Superschnüffler Rock Rockenschaub freut sich auf einen CHILLIGEN SOMMER IM OTTAKRINGER BAD. Ladys eincremen, Joints drehen und beim Herrengedeck entspannen. Am besten geht das mit seinem BUDDY BADEMEISTER HORST: dem Meister des Sonnenöls! Der Supergigolo ist über zwei Meter groß und geformt wie ein Cornetto blonde Haare bis halb zum Arsch und ein fetter Schnauzer im Gesicht. DER AUSTRIAN HULK HOGAN! Mit ihm wäre Rocks Sommer perfekt bis die DENKBAR GRÖSSTE KATASTROPHE eintritt: Horst ist plötzlich verschwunden! Rock macht sich auf die Suche und findet heraus, dass sein FREUND IM GEFÄNGNIS sitzt, weil ihn eine bloggende Lehrerin gigantischer Ausmaße mit Achtsamkeits-Tick der Vergewaltigung bezichtigt. (Lachhaft! Horst und eine Dicke?) Das Leben ist einfach so verflucht schwer, wenn man so eine sexy Schnitte wie Horst ist.
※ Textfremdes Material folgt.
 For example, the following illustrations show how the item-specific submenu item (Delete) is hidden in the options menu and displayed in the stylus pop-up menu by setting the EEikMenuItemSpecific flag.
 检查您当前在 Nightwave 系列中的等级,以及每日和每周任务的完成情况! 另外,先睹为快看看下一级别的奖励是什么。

Wird er dem DRUCK ALS FRAUENHELD AUF DIE DAUER STANDHALTEN können?

REBHANDL VOM FEINSTEN! DERBKOMISCHE TYPEN UND DRECKIGE GEHEIMNISSE.
Als wäre das nicht schon Drama genug, wird DER SCHLAUCH, ein nigerianischer Drogendealer und Junkie-Kardinal ermordet und entmannt in einem Obdachlosenheim aufgefunden. Außerdem machen ROCKS HIRNRISSIGE FREUNDE ihm das Leben schwer: LEMMY, ständig im Drogenkoma, wird prompt zu Horsts VERTRETUNG SAMT SEXY BADEMEISTERHOSE ernannt, KUBELKA, Psychotherapeut und Sigmund-Freud-Fan-Nr. 1, muss sich verdreschen lassen, weil SEINE NEUE FLAMME ausgerechnet einen eifersüchtigen Ehemann haben muss und bei BULLE GUTTI ist sowieso alles verloren. Der bildet sich neuerdings ein, er muss DAS WELTKLIMA RETTEN, und zwar für Greta Thunberg und in gelber Warnweste. Ach du Scheiße.
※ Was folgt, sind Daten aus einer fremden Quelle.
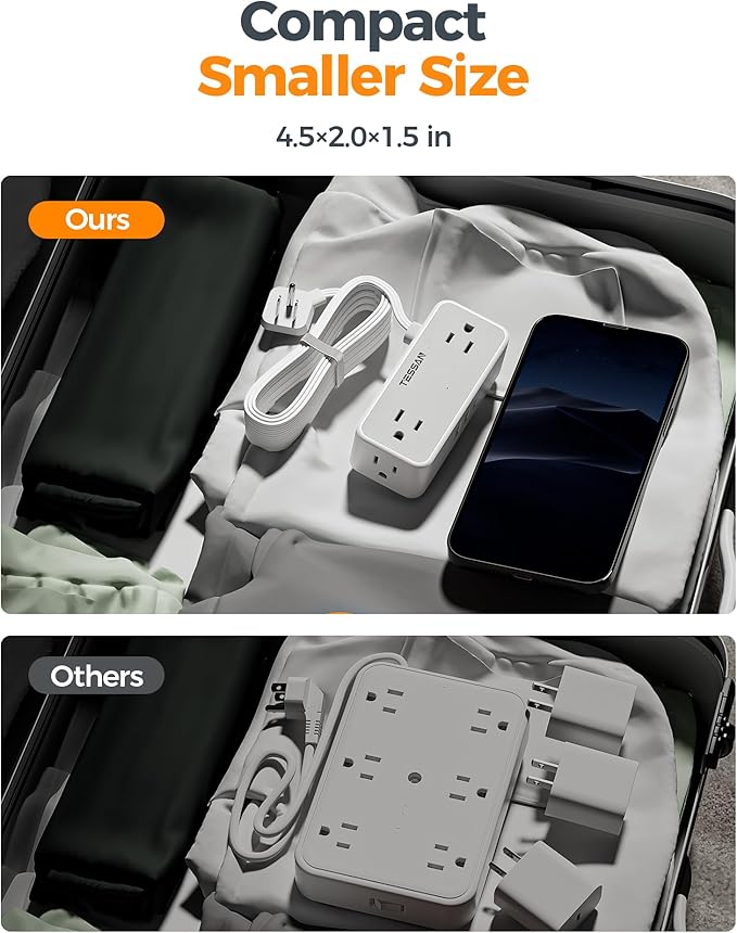 - 900J Surge Protector Outlet: Power strips with surge protection are equipped with short-circuit protection and over-current protection. This flat outlet extension cord can protect your electrical appliances from lighting, surges and spikes

Doch die größte Gefahr für Rock ist immer noch WILLI DAS SCHWEIN, dem nach und nach alle seine Kartenspieler beim Männerkränzchen im SCHREBERGARTENTRAUM NEU-BRASILIEN an der Alten Donau neuerdings auch Opfer von Bobo- und Slimfitanzug-gesteuerter Gentrifizierungswelle - wegsterben. Dabei bei muss Rock den Alten unbedingt zufrieden halten, weil er der EINZIG RICHTIGE ERBE FÜR DIRTY WILLIS SWEDISH PORNHOUSE ist! Da kommen so ein Mord und eine Vergewaltigungsanschuldigung gar nicht recht. Rock muss sich etwas einfallen lassen, UM DIESEN VERROTZTEN SOMMER NOCH IRGENDWIE ZU RETTEN.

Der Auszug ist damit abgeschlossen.